* _Task brief_
Transcribe the full listing exactly, and drop every picture.

* _Provided material_

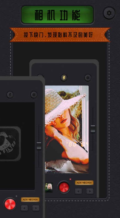 2、相机功能,真实质感光效,让用户可以打造完全不同年代感的照片。
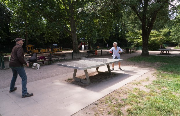 Dans le parc du Kurgarten, agrès sportifs, espace pour les chiens et table de ping-pong attirent le public. Christophe y retrouve Eliane pour une partie et en profite pour sortir son chien, baptisé Sam. "Des fois, je viens aussi jouer de la guitare", ajoute Christophe. Photo Jérôme Dorkel -
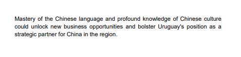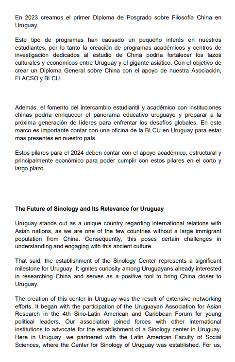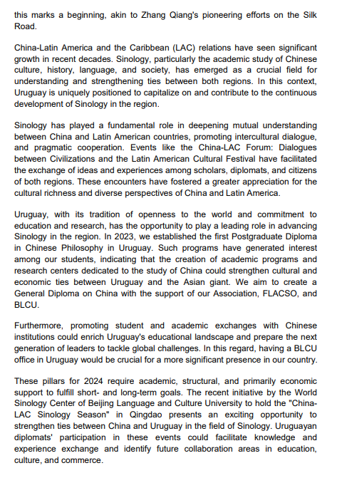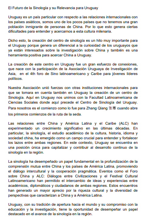 乌拉圭汉学家理事会召集人,乌拉圭著名汉学家,乌拉圭亚非研究中心主任CARLOS MARTIN PEREZ BANASCO表示,在世界汉学中心的支持下,乌拉圭建立了汉学中心,不仅加强了国内对中国研究的热情,更成为深化中乌两国关系的桥梁,成为乌拉圭促进地区汉学发展坚定决心的象征。希望此次活动进一步加强中拉文明间的交流与对话,共同书写中拉合作的新篇章。

* _Output for this exercise_
 2、相机功能,真实质感光效,让用户可以打造完全不同年代感的照片。
 Dans le parc du Kurgarten, agrès sportifs, espace pour les chiens et table de ping-pong attirent le public. Christophe y retrouve Eliane pour une partie et en profite pour sortir son chien, baptisé Sam. "Des fois, je viens aussi jouer de la guitare", ajoute Christophe. Photo Jérôme Dorkel -
 乌拉圭汉学家理事会召集人,乌拉圭著名汉学家,乌拉圭亚非研究中心主任CARLOS MARTIN PEREZ BANASCO表示,在世界汉学中心的支持下,乌拉圭建立了汉学中心,不仅加强了国内对中国研究的热情,更成为深化中乌两国关系的桥梁,成为乌拉圭促进地区汉学发展坚定决心的象征。希望此次活动进一步加强中拉文明间的交流与对话,共同书写中拉合作的新篇章。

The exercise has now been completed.